EXERCISE INSTRUCTIONS:
Your job is to set down the stretch of entries that opens with the line containing "유니프렌드 한국 아동용" and closes with the line containing "MUDr. Babejová - lek. posudok". Keep both end lines, copy each exactly, and add nothing.

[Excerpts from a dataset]
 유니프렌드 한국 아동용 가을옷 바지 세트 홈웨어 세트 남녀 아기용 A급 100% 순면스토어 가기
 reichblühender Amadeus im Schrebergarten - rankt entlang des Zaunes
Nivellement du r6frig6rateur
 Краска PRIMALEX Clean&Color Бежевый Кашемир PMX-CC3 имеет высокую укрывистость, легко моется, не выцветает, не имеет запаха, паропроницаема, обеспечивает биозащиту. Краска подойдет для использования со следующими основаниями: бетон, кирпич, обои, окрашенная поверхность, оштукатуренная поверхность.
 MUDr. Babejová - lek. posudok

==

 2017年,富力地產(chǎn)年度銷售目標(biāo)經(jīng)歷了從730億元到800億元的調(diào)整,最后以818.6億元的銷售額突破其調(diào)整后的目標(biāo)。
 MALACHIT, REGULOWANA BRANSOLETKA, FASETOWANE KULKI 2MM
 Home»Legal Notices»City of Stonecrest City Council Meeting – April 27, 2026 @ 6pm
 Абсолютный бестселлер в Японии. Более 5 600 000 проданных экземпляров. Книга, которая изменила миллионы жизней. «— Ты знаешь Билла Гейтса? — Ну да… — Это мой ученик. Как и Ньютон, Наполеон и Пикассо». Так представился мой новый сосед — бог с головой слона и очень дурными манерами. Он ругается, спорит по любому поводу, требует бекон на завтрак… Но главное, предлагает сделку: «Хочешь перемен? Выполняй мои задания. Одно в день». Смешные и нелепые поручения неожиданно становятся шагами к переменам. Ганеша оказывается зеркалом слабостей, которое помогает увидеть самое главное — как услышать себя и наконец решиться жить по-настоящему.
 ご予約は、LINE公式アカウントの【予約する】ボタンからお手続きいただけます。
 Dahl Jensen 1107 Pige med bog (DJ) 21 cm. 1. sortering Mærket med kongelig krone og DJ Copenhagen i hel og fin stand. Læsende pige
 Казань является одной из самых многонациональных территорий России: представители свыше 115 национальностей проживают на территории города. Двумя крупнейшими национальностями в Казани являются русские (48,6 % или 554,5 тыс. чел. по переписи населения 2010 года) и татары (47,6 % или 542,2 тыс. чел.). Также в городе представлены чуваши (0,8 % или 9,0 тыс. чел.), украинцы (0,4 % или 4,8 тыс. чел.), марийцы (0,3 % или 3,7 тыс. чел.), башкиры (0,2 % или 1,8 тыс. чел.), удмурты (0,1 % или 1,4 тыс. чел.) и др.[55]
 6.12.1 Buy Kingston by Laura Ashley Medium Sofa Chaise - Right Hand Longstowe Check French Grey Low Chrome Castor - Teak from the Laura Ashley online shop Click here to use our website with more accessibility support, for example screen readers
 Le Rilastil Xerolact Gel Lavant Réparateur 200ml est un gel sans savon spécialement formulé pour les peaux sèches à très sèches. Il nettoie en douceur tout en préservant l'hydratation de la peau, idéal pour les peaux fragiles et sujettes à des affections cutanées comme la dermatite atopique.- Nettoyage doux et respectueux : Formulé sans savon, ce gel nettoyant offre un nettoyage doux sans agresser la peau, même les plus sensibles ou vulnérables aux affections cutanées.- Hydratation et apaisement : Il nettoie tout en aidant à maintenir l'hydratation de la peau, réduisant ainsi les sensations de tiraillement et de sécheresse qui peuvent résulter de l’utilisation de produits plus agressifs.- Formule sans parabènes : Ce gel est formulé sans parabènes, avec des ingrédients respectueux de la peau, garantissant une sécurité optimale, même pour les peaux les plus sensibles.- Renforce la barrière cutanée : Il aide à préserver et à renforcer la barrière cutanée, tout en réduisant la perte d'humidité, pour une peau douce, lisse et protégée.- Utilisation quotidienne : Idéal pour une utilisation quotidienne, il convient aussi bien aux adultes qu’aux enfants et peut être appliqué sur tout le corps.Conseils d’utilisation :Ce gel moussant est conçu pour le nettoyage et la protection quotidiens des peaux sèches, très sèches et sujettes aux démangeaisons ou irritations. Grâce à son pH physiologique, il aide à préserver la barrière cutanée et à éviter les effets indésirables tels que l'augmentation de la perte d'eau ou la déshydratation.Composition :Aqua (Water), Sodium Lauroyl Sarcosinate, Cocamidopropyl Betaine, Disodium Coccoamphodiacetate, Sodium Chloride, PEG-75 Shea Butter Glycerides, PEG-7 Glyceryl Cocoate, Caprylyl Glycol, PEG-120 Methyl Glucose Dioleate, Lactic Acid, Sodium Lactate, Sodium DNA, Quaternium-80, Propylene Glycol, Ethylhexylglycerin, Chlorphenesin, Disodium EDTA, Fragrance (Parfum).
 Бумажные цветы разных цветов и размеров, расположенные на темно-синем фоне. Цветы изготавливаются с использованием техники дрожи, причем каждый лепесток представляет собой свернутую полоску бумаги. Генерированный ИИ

...

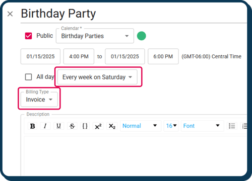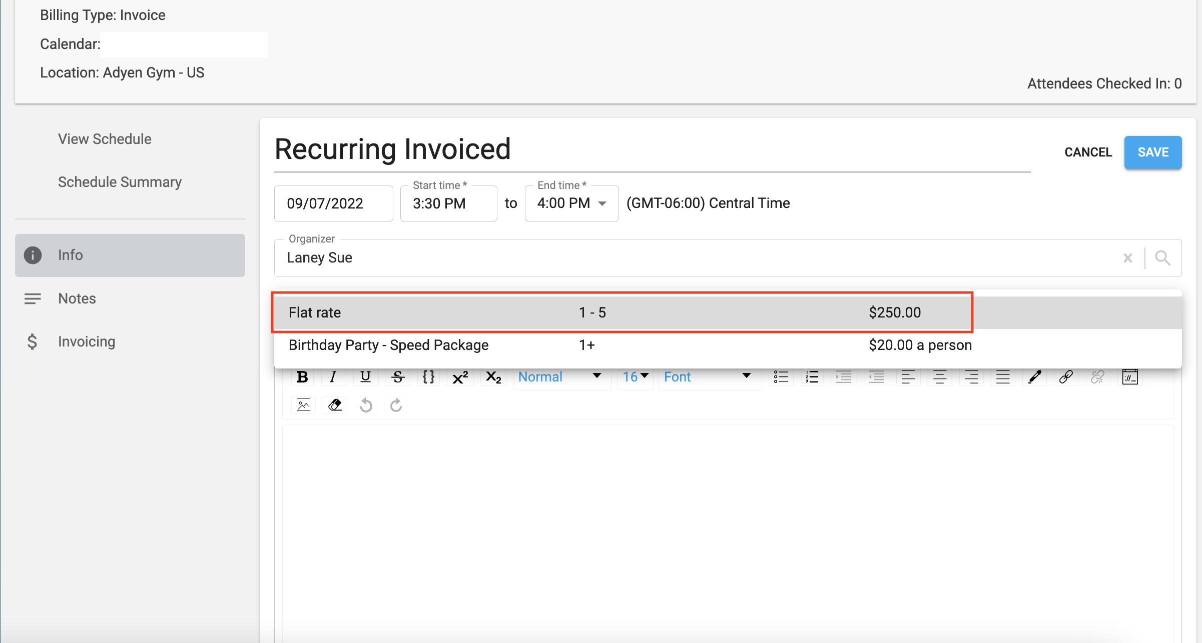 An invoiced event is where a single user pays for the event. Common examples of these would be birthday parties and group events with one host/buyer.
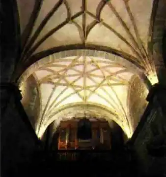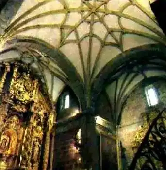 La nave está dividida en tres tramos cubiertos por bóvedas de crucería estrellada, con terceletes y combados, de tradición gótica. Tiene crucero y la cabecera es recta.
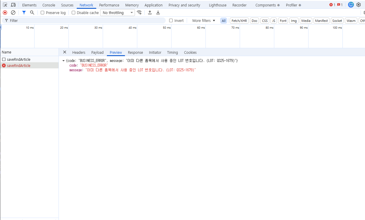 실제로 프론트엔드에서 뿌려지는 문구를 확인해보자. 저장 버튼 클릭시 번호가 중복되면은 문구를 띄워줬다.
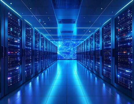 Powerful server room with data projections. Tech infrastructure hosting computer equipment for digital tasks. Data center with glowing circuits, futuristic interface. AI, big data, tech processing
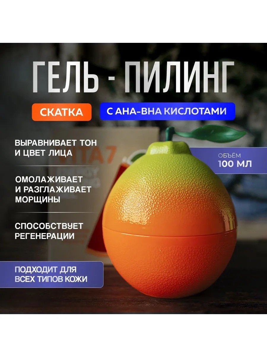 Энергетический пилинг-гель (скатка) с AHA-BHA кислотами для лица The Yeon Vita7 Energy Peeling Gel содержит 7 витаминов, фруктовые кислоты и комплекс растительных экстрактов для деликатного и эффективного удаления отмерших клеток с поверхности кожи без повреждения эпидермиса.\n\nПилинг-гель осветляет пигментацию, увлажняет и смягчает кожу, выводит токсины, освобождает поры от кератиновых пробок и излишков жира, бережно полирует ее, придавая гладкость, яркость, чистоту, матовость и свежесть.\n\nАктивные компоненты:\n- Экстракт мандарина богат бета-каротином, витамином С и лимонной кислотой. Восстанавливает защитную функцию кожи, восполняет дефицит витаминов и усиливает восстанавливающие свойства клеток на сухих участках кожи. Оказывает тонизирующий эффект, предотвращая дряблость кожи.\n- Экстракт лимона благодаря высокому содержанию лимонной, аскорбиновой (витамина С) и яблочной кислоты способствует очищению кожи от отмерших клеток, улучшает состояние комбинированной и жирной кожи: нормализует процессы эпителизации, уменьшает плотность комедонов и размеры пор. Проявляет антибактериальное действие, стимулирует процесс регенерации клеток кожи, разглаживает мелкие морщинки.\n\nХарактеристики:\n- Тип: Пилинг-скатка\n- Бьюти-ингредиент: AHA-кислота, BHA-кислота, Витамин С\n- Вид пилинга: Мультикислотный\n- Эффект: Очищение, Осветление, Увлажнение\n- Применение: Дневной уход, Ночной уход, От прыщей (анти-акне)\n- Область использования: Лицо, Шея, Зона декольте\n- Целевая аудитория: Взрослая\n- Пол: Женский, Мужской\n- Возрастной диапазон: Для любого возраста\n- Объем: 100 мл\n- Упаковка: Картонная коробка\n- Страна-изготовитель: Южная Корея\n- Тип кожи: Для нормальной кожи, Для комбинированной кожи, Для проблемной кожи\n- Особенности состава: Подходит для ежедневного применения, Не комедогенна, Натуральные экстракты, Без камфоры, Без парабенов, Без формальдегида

ANSWER:
 유니프렌드 한국 아동용 가을옷 바지 세트 홈웨어 세트 남녀 아기용 A급 100% 순면스토어 가기
 reichblühender Amadeus im Schrebergarten - rankt entlang des Zaunes
Nivellement du r6frig6rateur
 Краска PRIMALEX Clean&Color Бежевый Кашемир PMX-CC3 имеет высокую укрывистость, легко моется, не выцветает, не имеет запаха, паропроницаема, обеспечивает биозащиту. Краска подойдет для использования со следующими основаниями: бетон, кирпич, обои, окрашенная поверхность, оштукатуренная поверхность.
 MUDr. Babejová - lek. posudok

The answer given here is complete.